AIM OF THE TASK -> Below are some records. Say how many of their lines include the string "DeltaProbe", giving only the number.

(Data items)

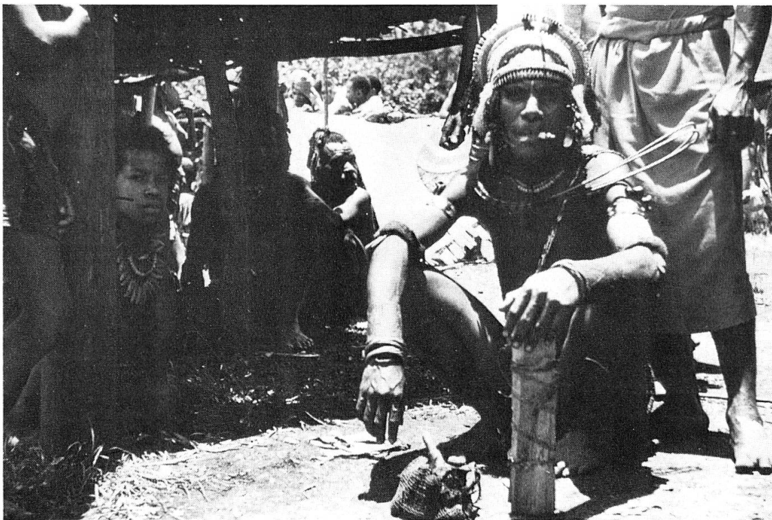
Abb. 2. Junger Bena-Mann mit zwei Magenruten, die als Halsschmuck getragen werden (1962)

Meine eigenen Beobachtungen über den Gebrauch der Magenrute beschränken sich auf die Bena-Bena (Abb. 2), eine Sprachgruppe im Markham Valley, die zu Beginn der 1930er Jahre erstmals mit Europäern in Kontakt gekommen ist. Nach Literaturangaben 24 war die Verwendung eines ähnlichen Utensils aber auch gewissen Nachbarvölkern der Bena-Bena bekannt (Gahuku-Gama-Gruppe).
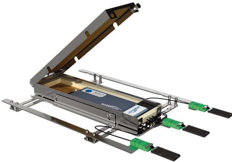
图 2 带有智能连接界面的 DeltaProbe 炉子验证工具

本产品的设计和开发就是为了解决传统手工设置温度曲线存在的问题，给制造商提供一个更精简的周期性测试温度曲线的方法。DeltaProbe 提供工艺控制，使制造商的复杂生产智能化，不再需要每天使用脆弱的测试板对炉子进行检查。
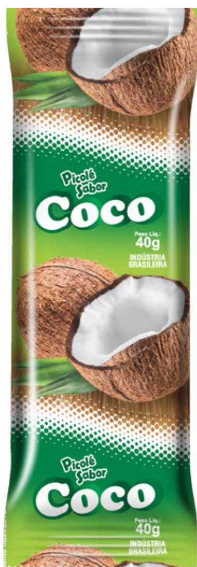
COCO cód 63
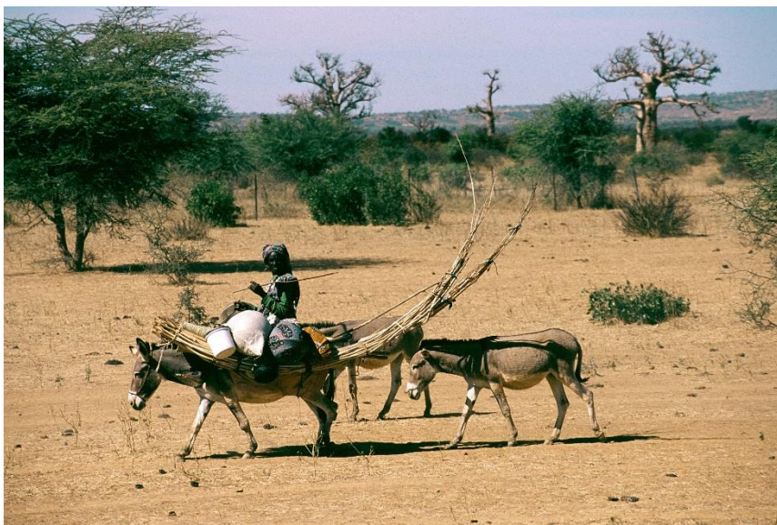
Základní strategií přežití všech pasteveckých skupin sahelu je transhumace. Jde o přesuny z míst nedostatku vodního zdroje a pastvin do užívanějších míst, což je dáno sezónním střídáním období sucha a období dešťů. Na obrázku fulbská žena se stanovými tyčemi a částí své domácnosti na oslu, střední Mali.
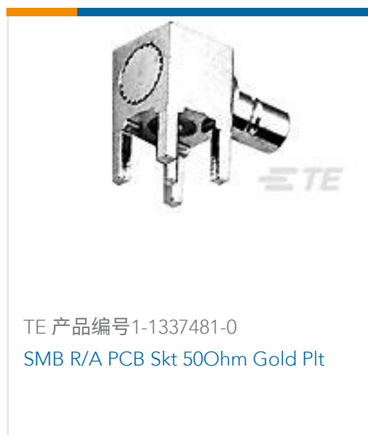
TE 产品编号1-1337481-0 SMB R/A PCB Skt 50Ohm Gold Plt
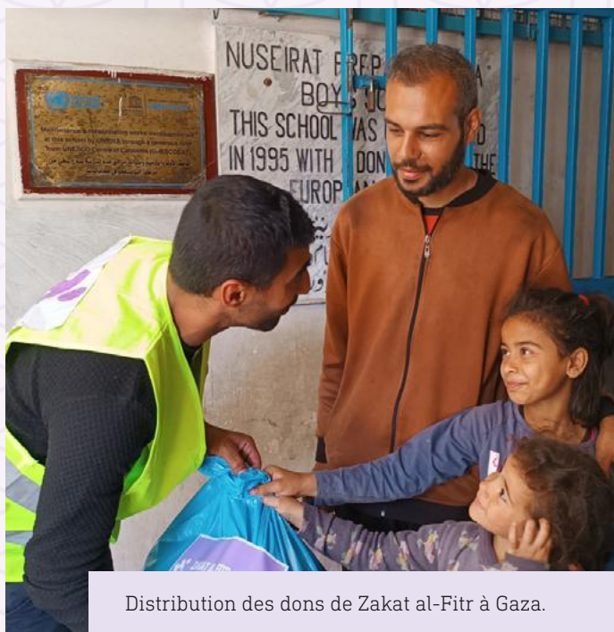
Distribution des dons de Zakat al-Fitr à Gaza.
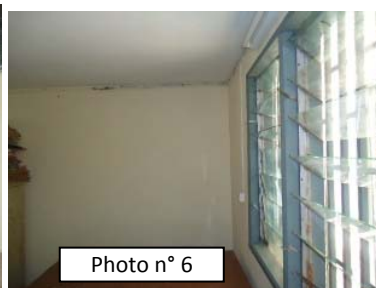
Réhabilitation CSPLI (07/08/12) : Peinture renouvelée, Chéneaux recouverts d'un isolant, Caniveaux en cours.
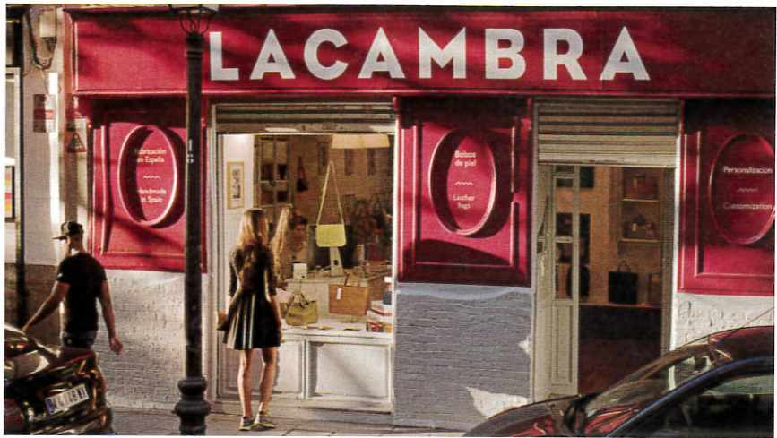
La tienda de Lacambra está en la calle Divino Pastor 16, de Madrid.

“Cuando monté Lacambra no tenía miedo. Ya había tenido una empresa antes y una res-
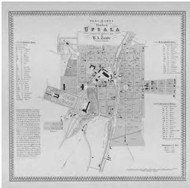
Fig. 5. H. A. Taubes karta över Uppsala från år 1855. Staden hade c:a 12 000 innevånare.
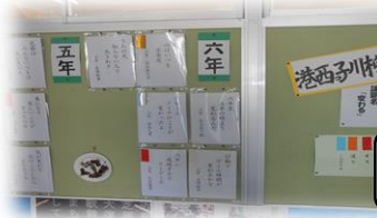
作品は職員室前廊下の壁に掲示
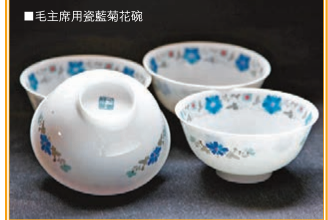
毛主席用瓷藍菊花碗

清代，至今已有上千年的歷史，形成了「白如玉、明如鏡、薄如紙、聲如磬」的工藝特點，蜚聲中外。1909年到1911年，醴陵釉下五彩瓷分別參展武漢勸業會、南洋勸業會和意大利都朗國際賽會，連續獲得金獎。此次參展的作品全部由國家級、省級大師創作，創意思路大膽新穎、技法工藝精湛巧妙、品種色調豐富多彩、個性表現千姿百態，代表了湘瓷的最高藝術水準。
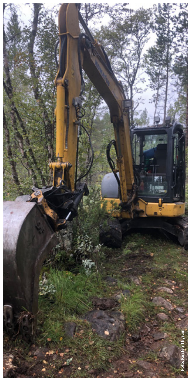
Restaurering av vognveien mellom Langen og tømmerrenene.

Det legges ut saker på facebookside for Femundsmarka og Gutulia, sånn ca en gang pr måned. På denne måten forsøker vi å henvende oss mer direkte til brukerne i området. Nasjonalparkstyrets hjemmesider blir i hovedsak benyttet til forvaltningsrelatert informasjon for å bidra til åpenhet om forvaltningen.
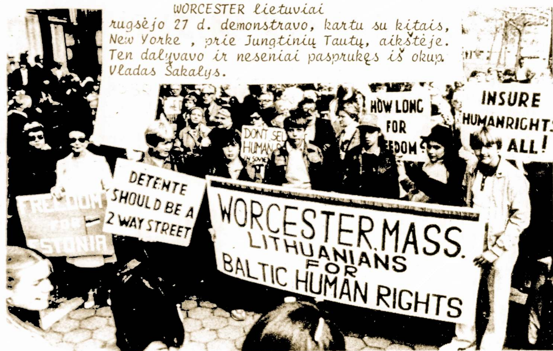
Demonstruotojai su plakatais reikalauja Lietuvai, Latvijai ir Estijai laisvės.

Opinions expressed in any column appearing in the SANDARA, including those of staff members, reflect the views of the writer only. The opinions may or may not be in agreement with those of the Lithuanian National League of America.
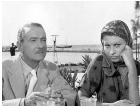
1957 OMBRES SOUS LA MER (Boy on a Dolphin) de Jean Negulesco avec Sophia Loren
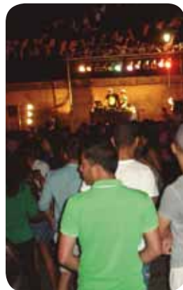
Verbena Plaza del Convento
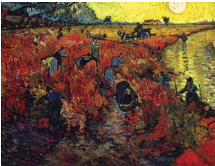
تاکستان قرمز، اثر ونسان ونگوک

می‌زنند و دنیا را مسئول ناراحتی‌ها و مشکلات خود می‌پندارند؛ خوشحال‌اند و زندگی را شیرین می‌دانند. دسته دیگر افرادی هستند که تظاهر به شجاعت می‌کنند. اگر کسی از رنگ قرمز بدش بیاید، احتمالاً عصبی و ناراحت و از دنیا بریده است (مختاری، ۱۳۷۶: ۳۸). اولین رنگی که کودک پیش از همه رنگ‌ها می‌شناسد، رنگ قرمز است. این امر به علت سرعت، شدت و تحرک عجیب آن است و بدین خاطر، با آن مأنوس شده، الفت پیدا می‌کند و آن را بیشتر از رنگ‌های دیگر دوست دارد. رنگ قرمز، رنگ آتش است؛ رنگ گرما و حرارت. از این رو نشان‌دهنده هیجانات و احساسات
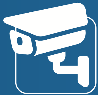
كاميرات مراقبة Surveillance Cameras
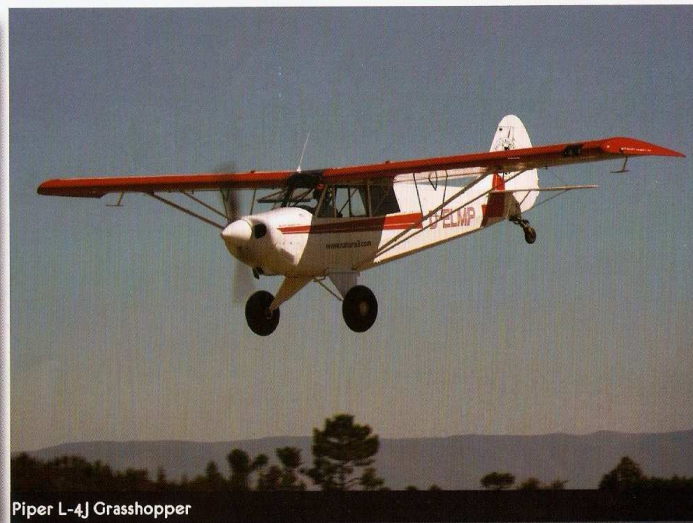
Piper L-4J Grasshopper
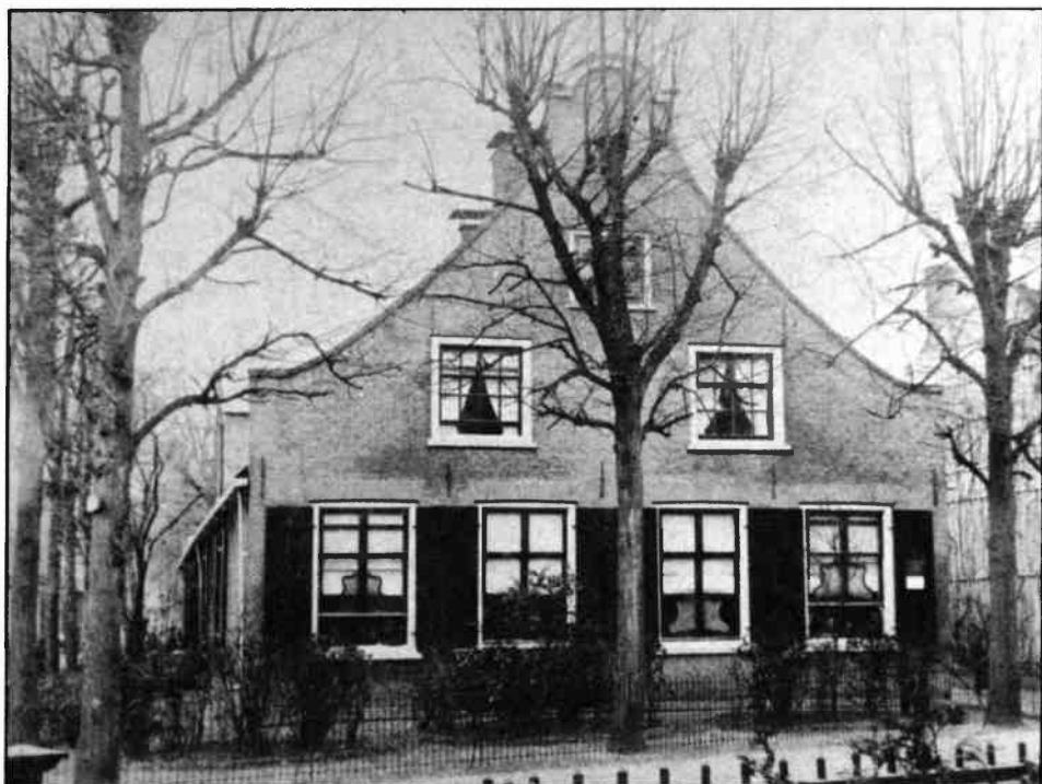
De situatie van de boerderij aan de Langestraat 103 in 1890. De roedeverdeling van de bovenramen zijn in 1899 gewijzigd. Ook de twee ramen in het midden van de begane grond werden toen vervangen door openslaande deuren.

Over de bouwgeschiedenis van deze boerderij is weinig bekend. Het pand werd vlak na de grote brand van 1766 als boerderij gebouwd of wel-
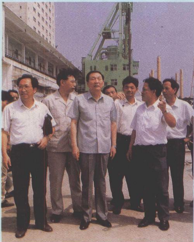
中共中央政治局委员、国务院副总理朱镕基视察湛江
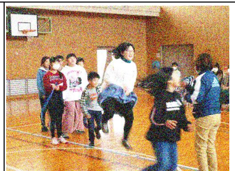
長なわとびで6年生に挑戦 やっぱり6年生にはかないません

THE COMPLETED TASK -> 2